— Data shown —

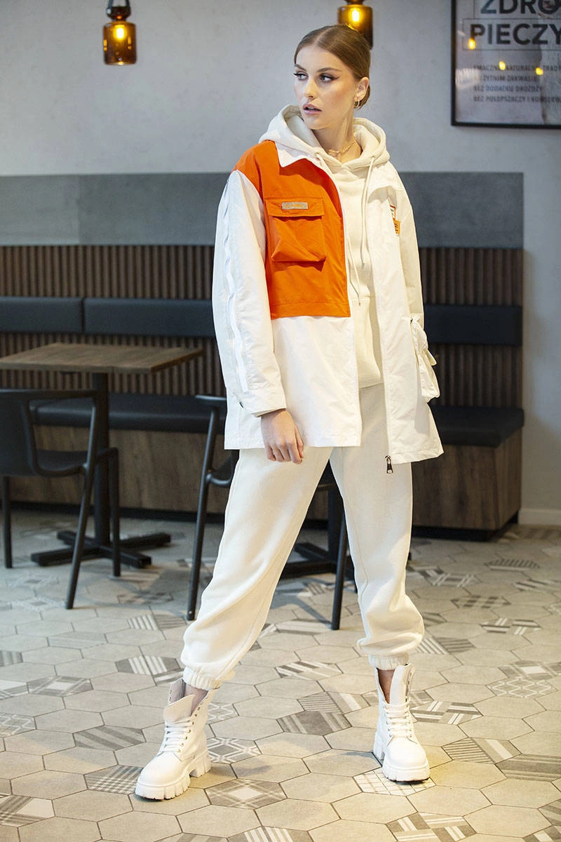 Damska kurtka wiatrówka biało/pomarańczowa (ag3-010)
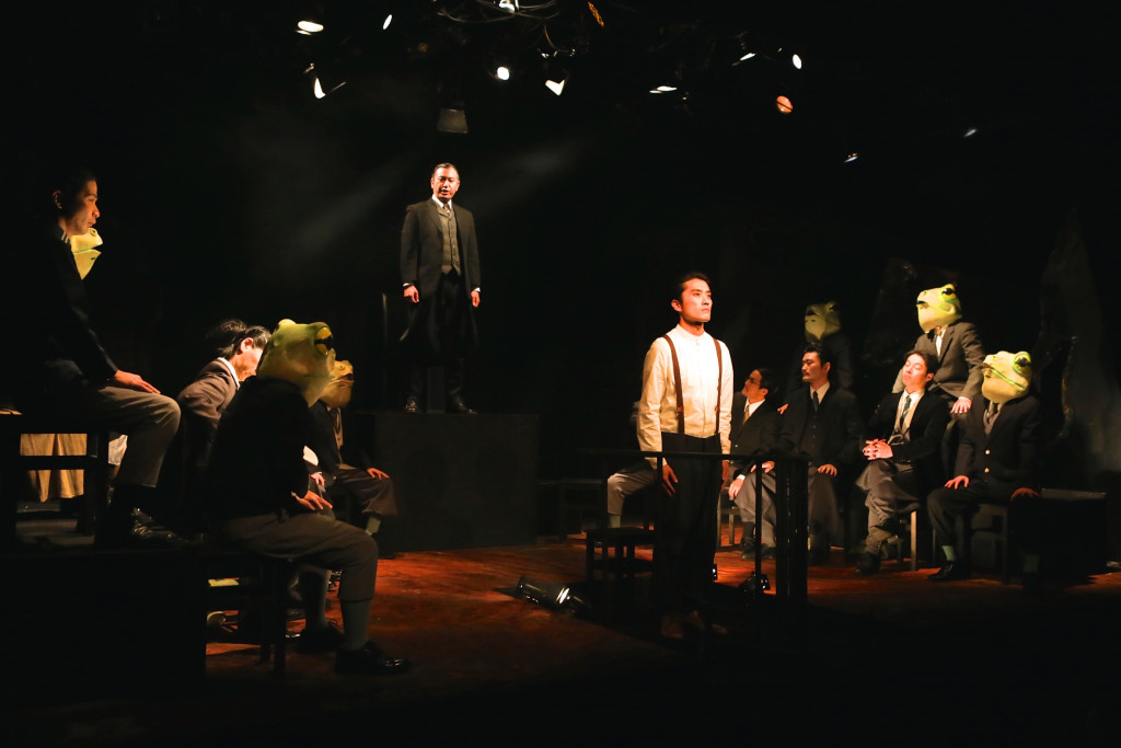舞台は蛙の世界。人間の投げ込んだ石が陰謀ではないかと騒ぎ出す蛙たち。アオガエルはアカガエルと戦争をしていて、大量の捕虜が幽閉されていた。デモプリ党なる保守政党はアカガエル国家と理念を同じにしているカプリ党の謀略とすることによって、カプリ党の党勢を削ごうと画策する。
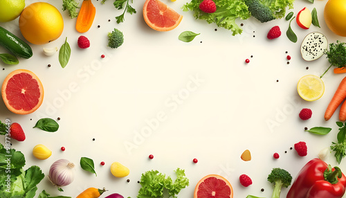 Healthy Food Ingredients Background: Top View of Fresh Vegetables and Fruits with Space for Text - Recipe and Menu Card Template

— Your assignment —
The listing is to be repeated word for word, with all pictures omitted.

— Output —
 Damska kurtka wiatrówka biało/pomarańczowa (ag3-010)
舞台は蛙の世界。人間の投げ込んだ石が陰謀ではないかと騒ぎ出す蛙たち。アオガエルはアカガエルと戦争をしていて、大量の捕虜が幽閉されていた。デモプリ党なる保守政党はアカガエル国家と理念を同じにしているカプリ党の謀略とすることによって、カプリ党の党勢を削ごうと画策する。
 Healthy Food Ingredients Background: Top View of Fresh Vegetables and Fruits with Space for Text - Recipe and Menu Card Template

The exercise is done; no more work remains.